__EXERCISE__
Transcribe the entries exactly. Start at the top, stop after the line with "毎回変わるテーマは花の枠にと", and omit every picture.

[[ SUPPLIED MATERIAL, beginning ]]

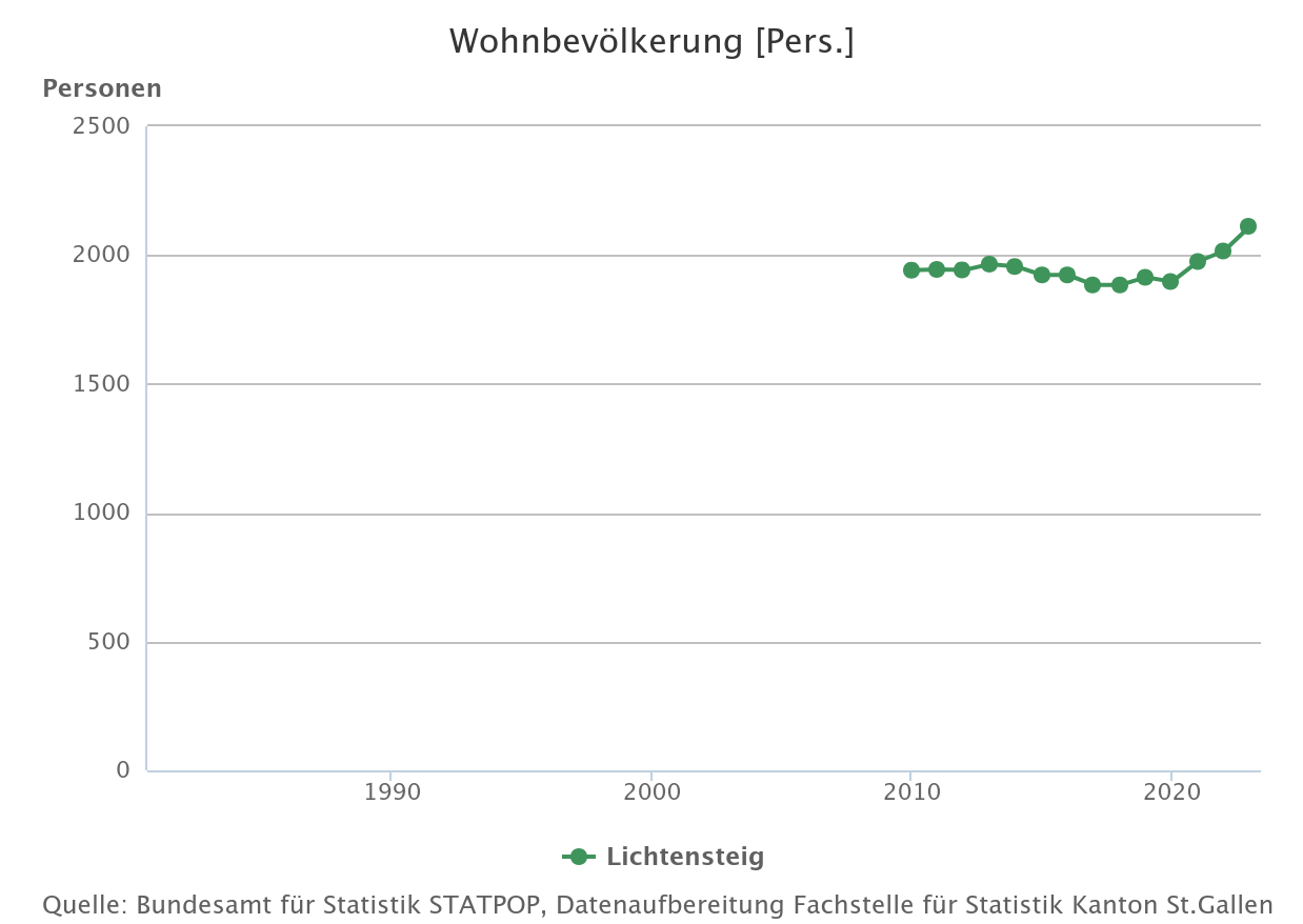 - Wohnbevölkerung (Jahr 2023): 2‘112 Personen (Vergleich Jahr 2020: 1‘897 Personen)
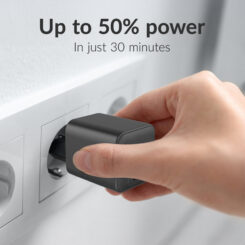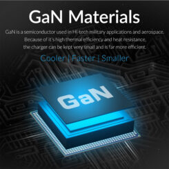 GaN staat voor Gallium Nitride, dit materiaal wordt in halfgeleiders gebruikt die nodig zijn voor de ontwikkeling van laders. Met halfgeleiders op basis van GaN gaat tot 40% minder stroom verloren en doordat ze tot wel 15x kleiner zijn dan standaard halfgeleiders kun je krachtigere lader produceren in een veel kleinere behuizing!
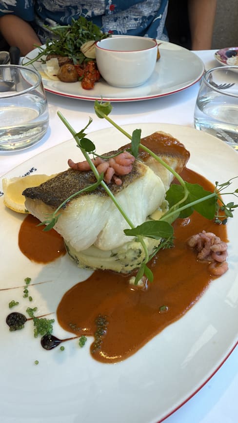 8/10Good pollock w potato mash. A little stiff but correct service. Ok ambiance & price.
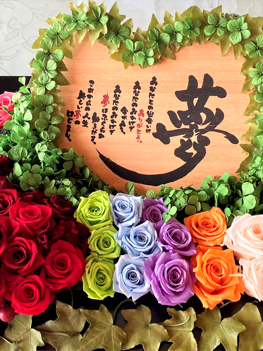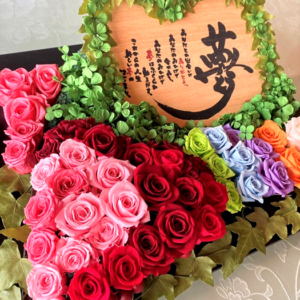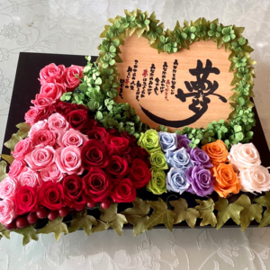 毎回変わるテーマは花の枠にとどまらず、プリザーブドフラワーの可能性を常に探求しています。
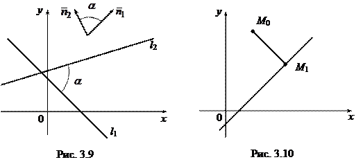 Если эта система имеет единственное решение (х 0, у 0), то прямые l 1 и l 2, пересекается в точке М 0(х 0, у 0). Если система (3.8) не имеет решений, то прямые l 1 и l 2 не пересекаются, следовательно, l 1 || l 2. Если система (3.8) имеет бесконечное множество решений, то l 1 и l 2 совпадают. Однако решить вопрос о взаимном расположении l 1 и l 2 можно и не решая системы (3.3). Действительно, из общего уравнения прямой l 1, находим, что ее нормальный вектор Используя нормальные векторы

[[ SUPPLIED MATERIAL, end ]]

__YOUR SOLUTION__
 - Wohnbevölkerung (Jahr 2023): 2‘112 Personen (Vergleich Jahr 2020: 1‘897 Personen)
 GaN staat voor Gallium Nitride, dit materiaal wordt in halfgeleiders gebruikt die nodig zijn voor de ontwikkeling van laders. Met halfgeleiders op basis van GaN gaat tot 40% minder stroom verloren en doordat ze tot wel 15x kleiner zijn dan standaard halfgeleiders kun je krachtigere lader produceren in een veel kleinere behuizing!
 8/10Good pollock w potato mash. A little stiff but correct service. Ok ambiance & price.
 毎回変わるテーマは花の枠にとどまらず、プリザーブドフラワーの可能性を常に探求しています。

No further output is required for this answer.